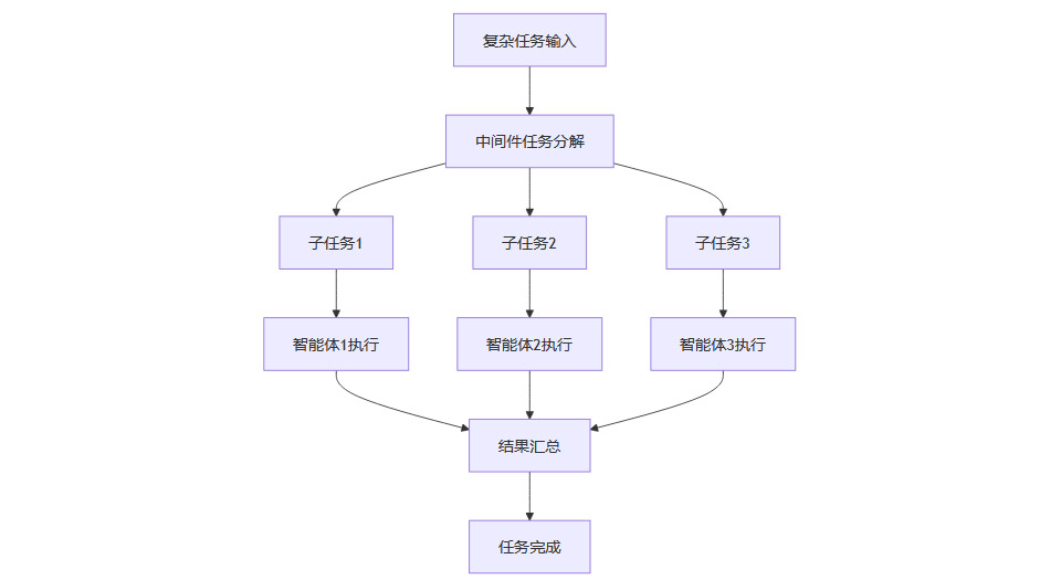 以下是一个简化的任务分配流程图,展示中间件在多智能体协作中的作用:
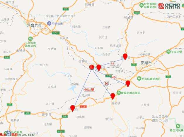 震中距六枝特区7公里、距普定县35公里、距关岭布依族苗族自治县36公里、距镇宁布依族苗族自治县40公里、距晴隆县46公里,距安顺市54公里,距六盘水市72公里,距贵阳市136公里。
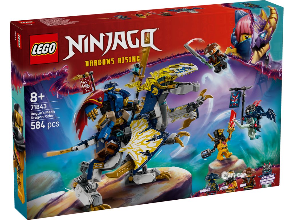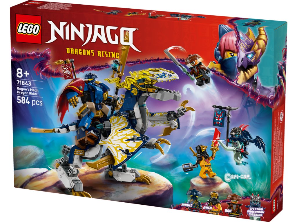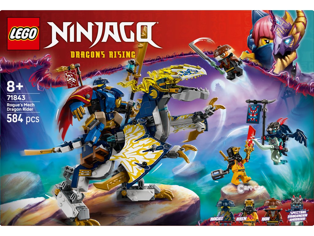 S kombinovanou nindžovskou stavebnicí Rogue a robotický dračí jezdec (71843) si kluci a holky od 8 let připomenou příběhy z 3. řady televizního seriálu NINJAGO® Dračí povstání. Děti si můžou hrát s robotem nebo vůbec prvním robotickým drakem NINJAGO, které pak spojí do úžasného modelu Rogue a robotický dračí jezdec. Robotická figurka má pohyblivé ruce a nohy, otevírací hruď, do které lze umístit minifigurku, a meč. Figurka draka má pohyblivá křídla, hlavu, čelist, nohy a ocas a meč. Součástí stavebnice jsou 4 minifigurky: Nindža válečníci Rogue a Arin a zlotřilá dvojice Rox a Přízračný dračí bojovník, kteří mají vlajku s tajnou zprávou, kterou lze přečíst pouze pomocí Arinovy odhalující čepele. Děti můžou na zadní stranu figurky draka z této stavebnice připevnit roboty ze stavebnic Kaiův bouřný jezdec a robot (71830) a Kaiova robomotorka EVO (71783) (prodávají se samostatně). Tuto stavebnici lze také postavit s pomocí aplikace LEGO® Builder, která vás a vaše dítě provede stavitelským dobrodružstvím. Stavebnice obsahuje 584 dílků.
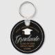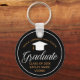 Esta cadena de claves para graduados de moda, negra y dorada, presenta tipografía blanca elegante bajo un nombre de instituto o universidad para la clase de 2023. Personalizar con tu año de graduación bajo la elegante caligrafía para un gran regalo personalizado de la cadena de claves de graduados.

**********

- Work order -
Please, without any pictures, write out exactly the lines of the listing from its first line through the line that holds "震中距六枝特区7公里、距普定", ends included, and nothing beyond them.

- Solution to the exercise -
 以下是一个简化的任务分配流程图,展示中间件在多智能体协作中的作用:
 震中距六枝特区7公里、距普定县35公里、距关岭布依族苗族自治县36公里、距镇宁布依族苗族自治县40公里、距晴隆县46公里,距安顺市54公里,距六盘水市72公里,距贵阳市136公里。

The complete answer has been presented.